> _The data_:
________________________________________

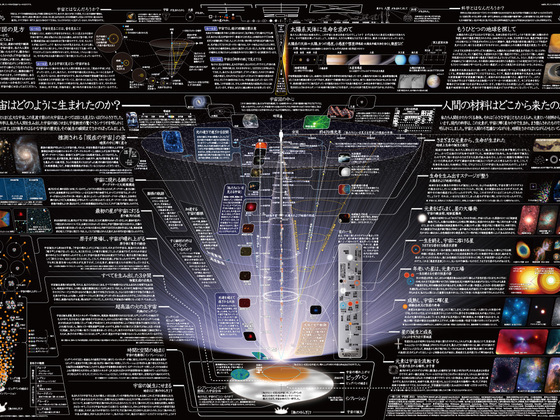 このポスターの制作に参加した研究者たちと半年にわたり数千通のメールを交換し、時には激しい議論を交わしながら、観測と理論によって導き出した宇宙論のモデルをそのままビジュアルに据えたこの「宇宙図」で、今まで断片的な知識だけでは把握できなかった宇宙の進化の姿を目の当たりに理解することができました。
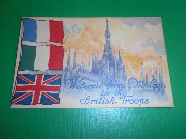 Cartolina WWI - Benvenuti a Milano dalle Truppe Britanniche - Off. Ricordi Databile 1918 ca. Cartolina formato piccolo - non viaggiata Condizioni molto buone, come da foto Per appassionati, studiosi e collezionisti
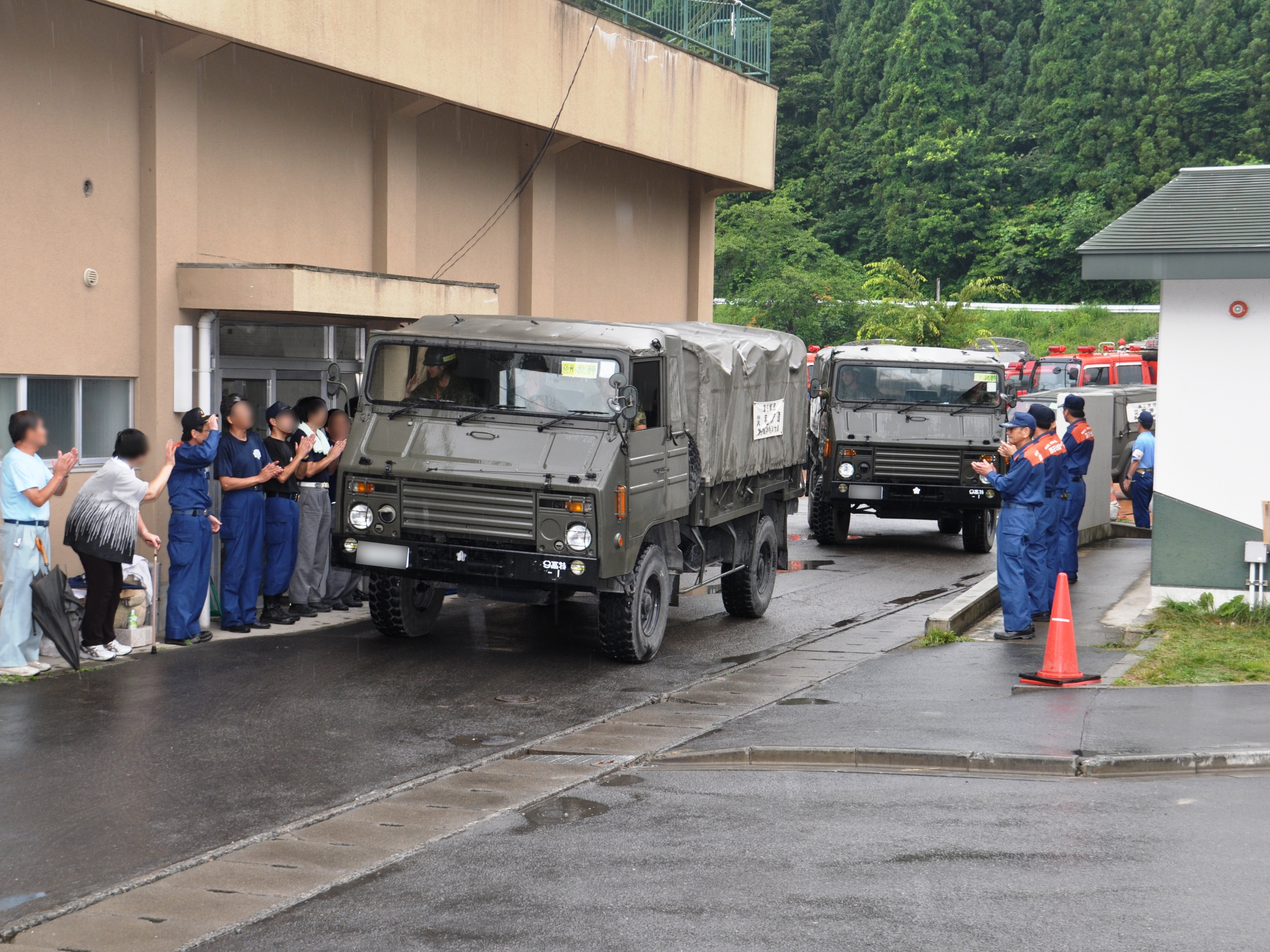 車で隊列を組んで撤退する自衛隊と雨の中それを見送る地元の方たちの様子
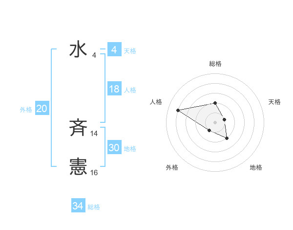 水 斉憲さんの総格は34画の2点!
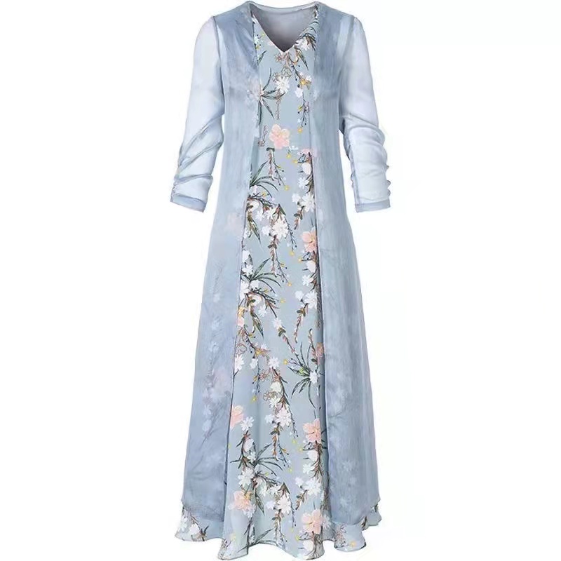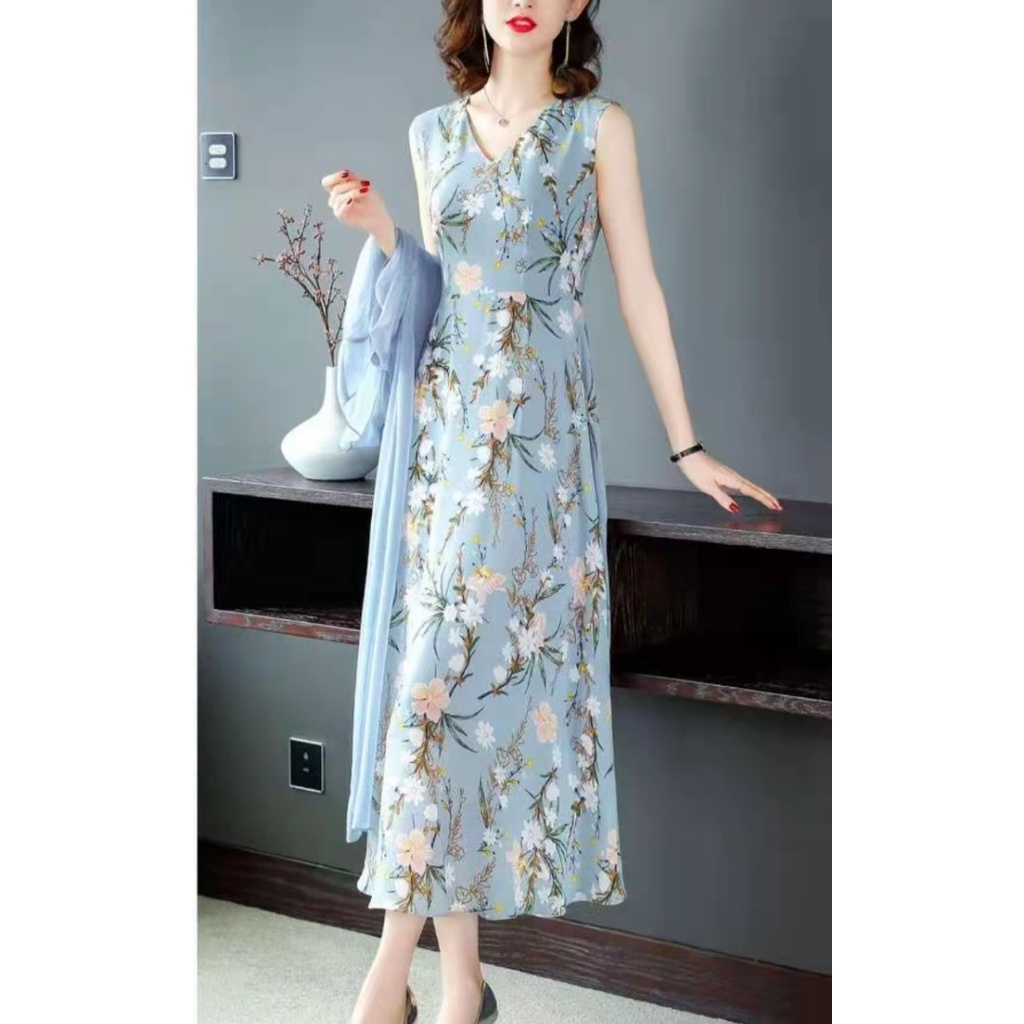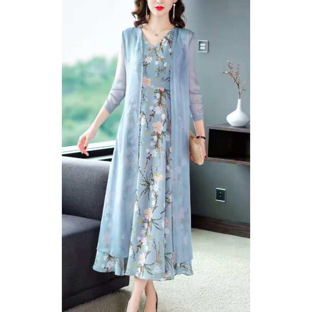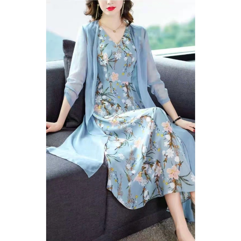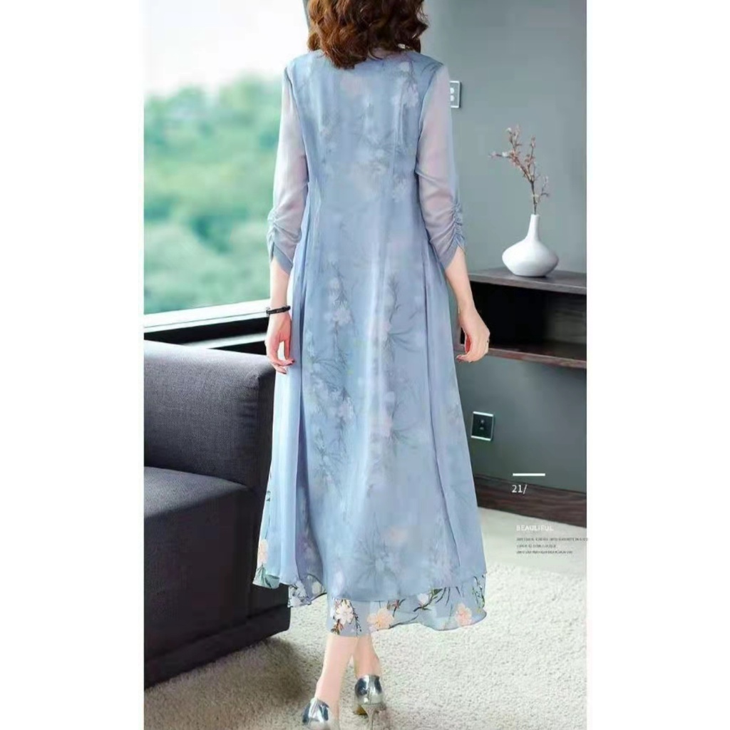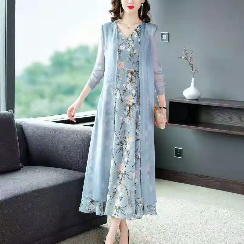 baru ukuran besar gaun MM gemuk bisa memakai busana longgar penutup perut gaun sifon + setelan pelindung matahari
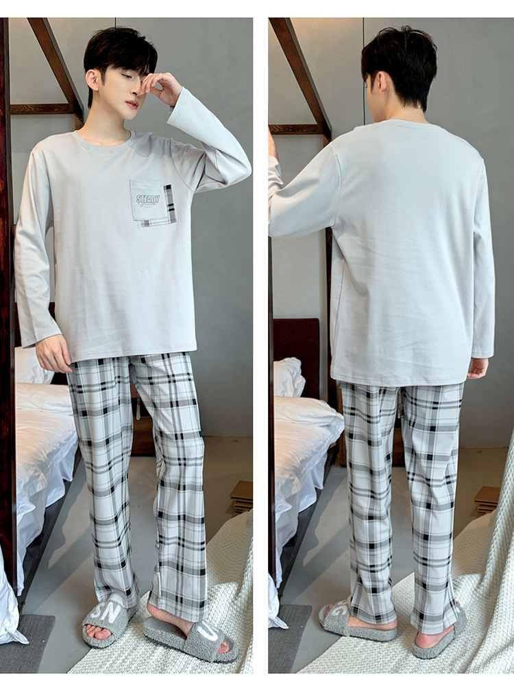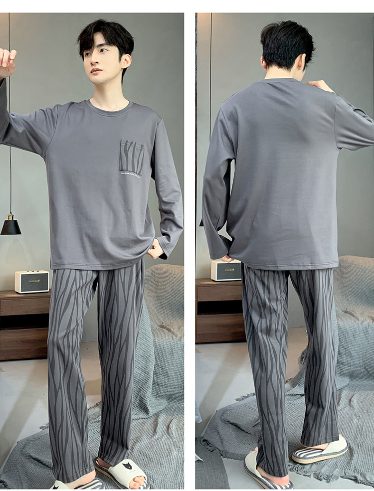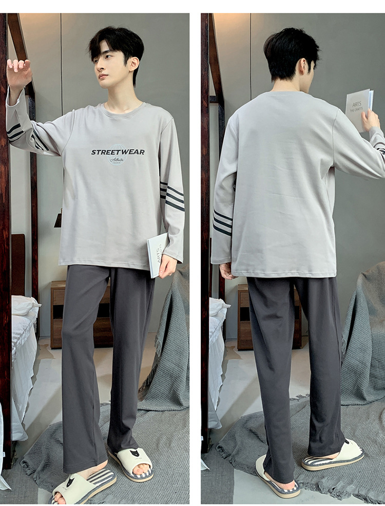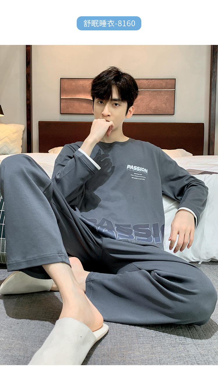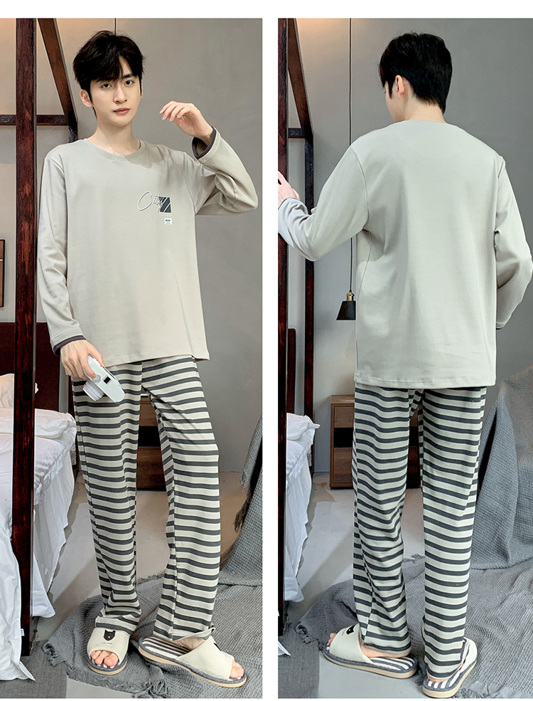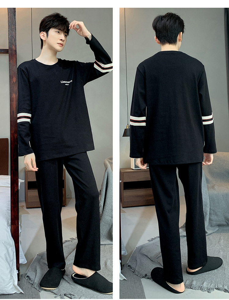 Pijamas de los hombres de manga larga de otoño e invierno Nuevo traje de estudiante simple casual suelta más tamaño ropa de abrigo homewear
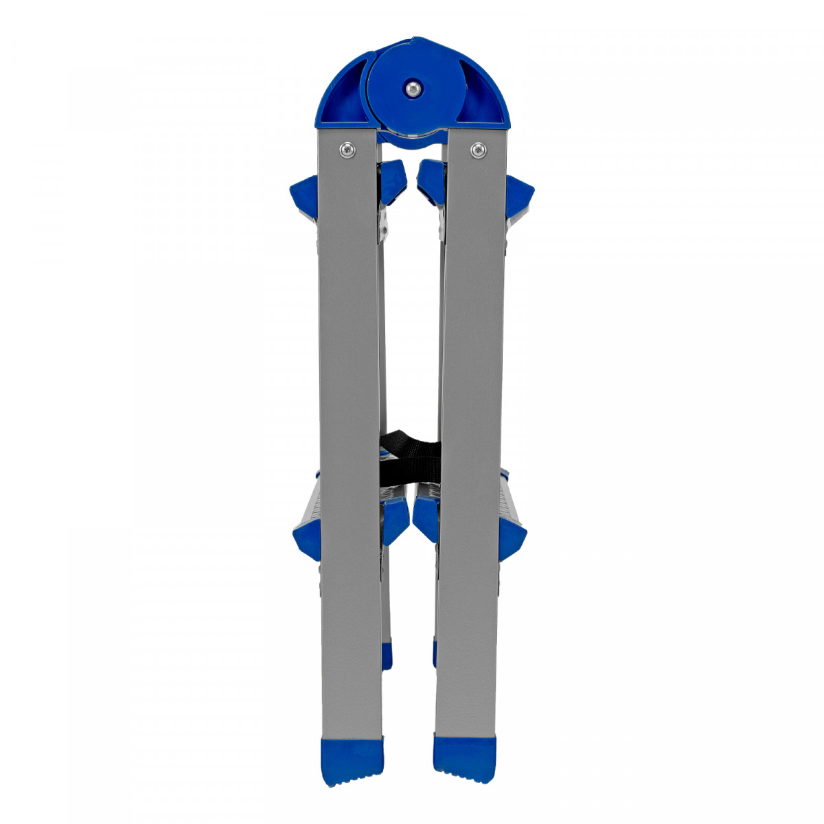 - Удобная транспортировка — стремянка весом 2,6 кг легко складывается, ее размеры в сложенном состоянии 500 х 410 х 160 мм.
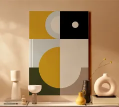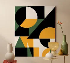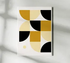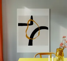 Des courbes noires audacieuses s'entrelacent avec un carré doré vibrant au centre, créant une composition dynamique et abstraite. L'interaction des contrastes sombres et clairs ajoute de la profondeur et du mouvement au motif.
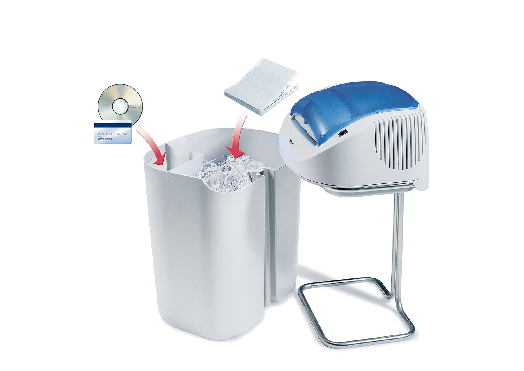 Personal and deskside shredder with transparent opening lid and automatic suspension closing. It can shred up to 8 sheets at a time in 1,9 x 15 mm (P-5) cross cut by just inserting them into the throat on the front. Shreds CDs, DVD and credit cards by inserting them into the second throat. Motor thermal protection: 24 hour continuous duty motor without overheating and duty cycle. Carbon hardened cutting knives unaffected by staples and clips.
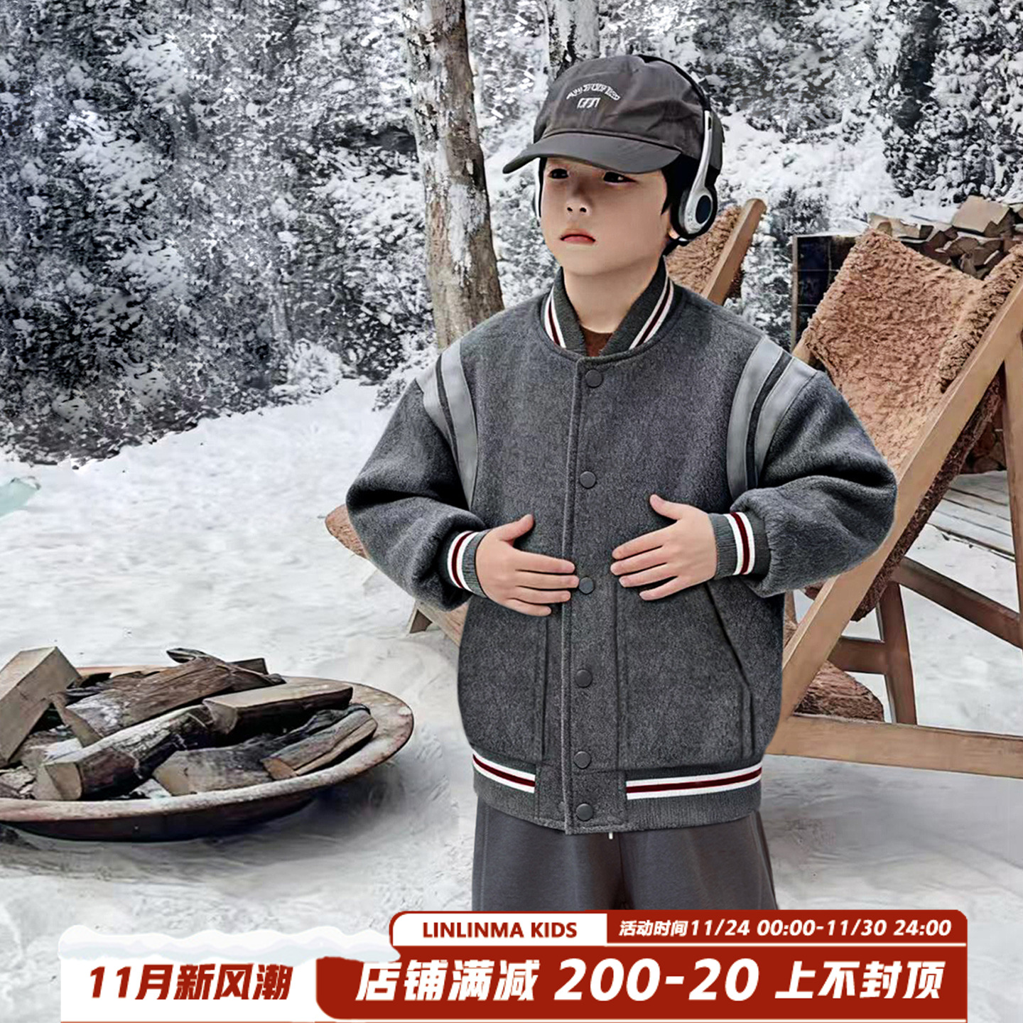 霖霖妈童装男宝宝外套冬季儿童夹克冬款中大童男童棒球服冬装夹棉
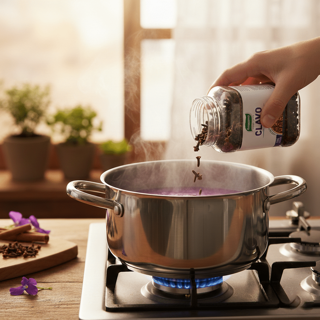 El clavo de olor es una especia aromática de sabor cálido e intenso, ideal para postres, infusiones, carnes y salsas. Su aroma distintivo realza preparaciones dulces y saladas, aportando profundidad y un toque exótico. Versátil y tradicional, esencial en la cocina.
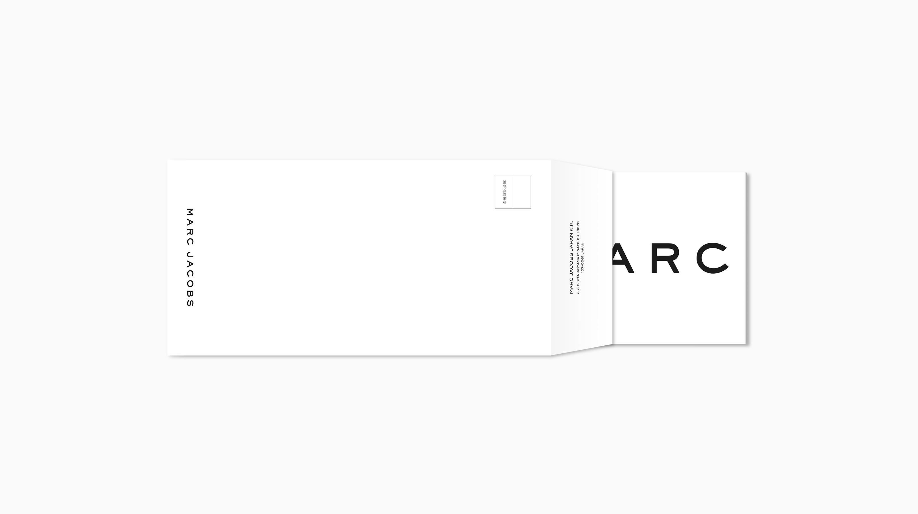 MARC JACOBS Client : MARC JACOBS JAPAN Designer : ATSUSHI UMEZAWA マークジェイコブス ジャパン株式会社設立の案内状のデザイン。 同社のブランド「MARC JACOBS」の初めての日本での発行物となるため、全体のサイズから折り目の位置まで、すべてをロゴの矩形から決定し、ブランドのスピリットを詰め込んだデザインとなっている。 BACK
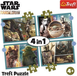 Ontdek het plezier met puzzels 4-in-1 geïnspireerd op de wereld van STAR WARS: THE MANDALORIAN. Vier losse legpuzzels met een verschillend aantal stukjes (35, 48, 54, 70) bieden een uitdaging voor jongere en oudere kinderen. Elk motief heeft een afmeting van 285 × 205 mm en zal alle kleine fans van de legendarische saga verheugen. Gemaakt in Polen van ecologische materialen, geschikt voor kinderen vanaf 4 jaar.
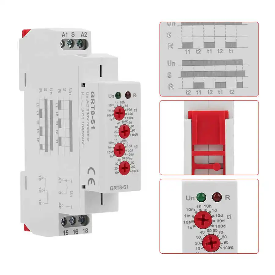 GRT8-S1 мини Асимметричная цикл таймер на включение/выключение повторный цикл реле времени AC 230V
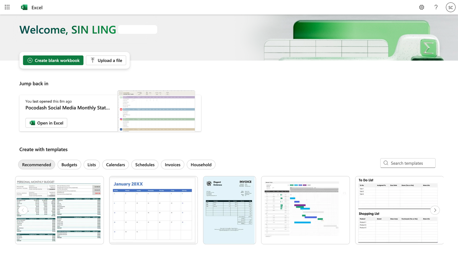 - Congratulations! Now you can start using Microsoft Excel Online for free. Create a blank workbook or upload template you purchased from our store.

________________________________________

> _Exercise aim_: Could you restate the material word for word, omitting the pictures?

> _Completed exercise_:
 このポスターの制作に参加した研究者たちと半年にわたり数千通のメールを交換し、時には激しい議論を交わしながら、観測と理論によって導き出した宇宙論のモデルをそのままビジュアルに据えたこの「宇宙図」で、今まで断片的な知識だけでは把握できなかった宇宙の進化の姿を目の当たりに理解することができました。
 Cartolina WWI - Benvenuti a Milano dalle Truppe Britanniche - Off. Ricordi Databile 1918 ca. Cartolina formato piccolo - non viaggiata Condizioni molto buone, come da foto Per appassionati, studiosi e collezionisti
 車で隊列を組んで撤退する自衛隊と雨の中それを見送る地元の方たちの様子
 水 斉憲さんの総格は34画の2点!
 baru ukuran besar gaun MM gemuk bisa memakai busana longgar penutup perut gaun sifon + setelan pelindung matahari
 Pijamas de los hombres de manga larga de otoño e invierno Nuevo traje de estudiante simple casual suelta más tamaño ropa de abrigo homewear
 - Удобная транспортировка — стремянка весом 2,6 кг легко складывается, ее размеры в сложенном состоянии 500 х 410 х 160 мм.
 Des courbes noires audacieuses s'entrelacent avec un carré doré vibrant au centre, créant une composition dynamique et abstraite. L'interaction des contrastes sombres et clairs ajoute de la profondeur et du mouvement au motif.
 Personal and deskside shredder with transparent opening lid and automatic suspension closing. It can shred up to 8 sheets at a time in 1,9 x 15 mm (P-5) cross cut by just inserting them into the throat on the front. Shreds CDs, DVD and credit cards by inserting them into the second throat. Motor thermal protection: 24 hour continuous duty motor without overheating and duty cycle. Carbon hardened cutting knives unaffected by staples and clips.
 霖霖妈童装男宝宝外套冬季儿童夹克冬款中大童男童棒球服冬装夹棉
 El clavo de olor es una especia aromática de sabor cálido e intenso, ideal para postres, infusiones, carnes y salsas. Su aroma distintivo realza preparaciones dulces y saladas, aportando profundidad y un toque exótico. Versátil y tradicional, esencial en la cocina.
 MARC JACOBS Client : MARC JACOBS JAPAN Designer : ATSUSHI UMEZAWA マークジェイコブス ジャパン株式会社設立の案内状のデザイン。 同社のブランド「MARC JACOBS」の初めての日本での発行物となるため、全体のサイズから折り目の位置まで、すべてをロゴの矩形から決定し、ブランドのスピリットを詰め込んだデザインとなっている。 BACK
 Ontdek het plezier met puzzels 4-in-1 geïnspireerd op de wereld van STAR WARS: THE MANDALORIAN. Vier losse legpuzzels met een verschillend aantal stukjes (35, 48, 54, 70) bieden een uitdaging voor jongere en oudere kinderen. Elk motief heeft een afmeting van 285 × 205 mm en zal alle kleine fans van de legendarische saga verheugen. Gemaakt in Polen van ecologische materialen, geschikt voor kinderen vanaf 4 jaar.
 GRT8-S1 мини Асимметричная цикл таймер на включение/выключение повторный цикл реле времени AC 230V
 - Congratulations! Now you can start using Microsoft Excel Online for free. Create a blank workbook or upload template you purchased from our store.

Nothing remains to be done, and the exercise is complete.